The chart passes this secret to both the operator deployment and all NVCA agent pods it creates. The operator also propagates it to function pods in the nvcf-backend namespace.

Install

$ helm upgrade --install nvca-operator \
>   oci://${REGISTRY}/${REPOSITORY}/helm-nvca-operator \
>   --namespace nvca-operator --create-namespace \
>   --wait --timeout 10m \
>   -f nvca-operator-values.yaml \
>   --version 1.6.6

During installation, the chart will:

Create the operator deployment with vault agent annotations for OpenBao auth
Run the nvca-self-managed-bootstrap init container to register the cluster with SIS
Start the operator, which creates the NVCFBackend and NVCA agent deployment

Verify

Check the operator pod is running (4 containers: operator, nvca-mirror, nvca-bootstrap-watch, vault-agent):

$ kubectl get pods -n nvca-operator
$ 
$ # Expected:
$ # NAME                             READY   STATUS    RESTARTS   AGE
$ # nvca-operator-...                4/4     Running   0          1m

Check the bootstrap init container completed successfully:

$ kubectl logs -n nvca-operator -c nvca-self-managed-bootstrap \
>   -l app.kubernetes.io/name=nvca-operator --tail=5
$ 
$ # Expected: "Bootstrap completed successfully" with cluster_id and cluster_group_id

Check the cluster registration ConfigMap has IDs populated:

$ kubectl get cm nvca-cluster-registration -n nvca-operator \
>   -o jsonpath='{.data}'
$ 
$ # Expected: {"clusterGroupId":"<uuid>","clusterId":"<uuid>"}

Check the NVCFBackend resource was created:

$ kubectl get nvcfbackends -n nvca-operator
$ 
$ # Expected: one NVCFBackend resource with version and health status

Check the NVCA agent pod is running (the operator creates this automatically):

$ kubectl get pods -n nvca-system
$ 
$ # Expected:
$ # NAME                    READY   STATUS    RESTARTS   AGE
$ # nvca-...                3/3     Running   0          2m

The NVCA agent pod has 3 containers: the agent, the admission webhook, and the OpenBao vault agent sidecar.
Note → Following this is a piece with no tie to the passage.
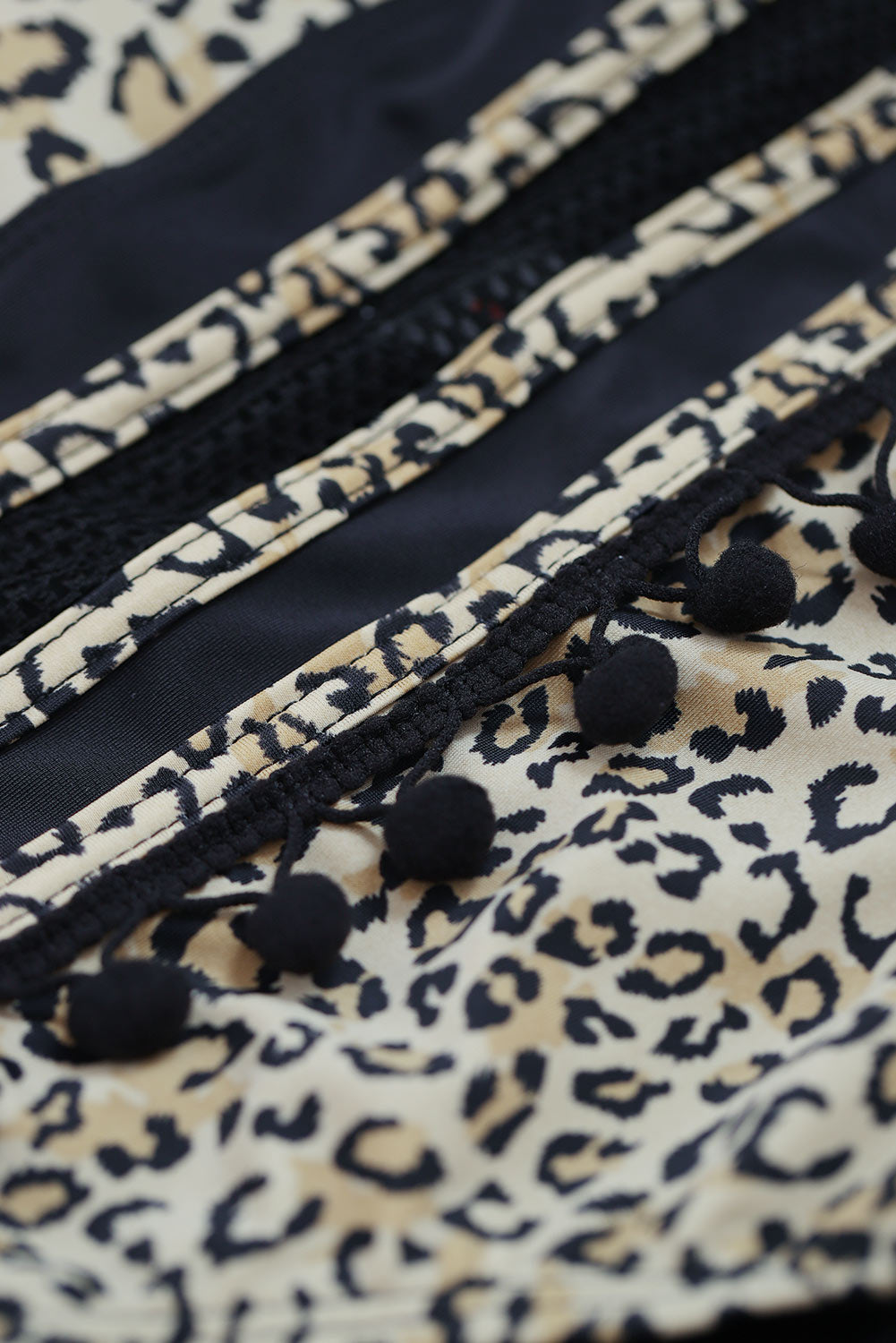 Printed Pompom Detail Halter Neck Two-Piece Bikini Set

Both should show Running. If the vault agent sidecar is in CrashLoopBackOff, verify that OpenBao is healthy and the migration jobs completed successfully.

Verify GPU discovery:

$ kubectl get nvcfbackends -n nvca-operator -o jsonpath='{.items[0].status}' | python3 -m json.tool
$ 
$ # Look for GPU information in the status output

Verify Workload Scheduling

1. Set up environment variables:

$ # Get the Gateway address (from Step 1)
$ export GATEWAY_ADDR=$(kubectl get gateway nvcf-gateway -n envoy-gateway -o jsonpath='{.status.addresses[0].value}')
$ echo "Gateway Address: $GATEWAY_ADDR"

2. Generate an admin token:

$ # Generate an admin API token
$ export NVCF_TOKEN=$(curl -s -X POST "http://${GATEWAY_ADDR}/v1/admin/keys" \
>   -H "Host: api-keys.${GATEWAY_ADDR}" \
>   | grep -o '"value":"[^"]*"' | cut -d'"' -f4)
$ 
$ echo "Token generated: ${NVCF_TOKEN:0:20}..."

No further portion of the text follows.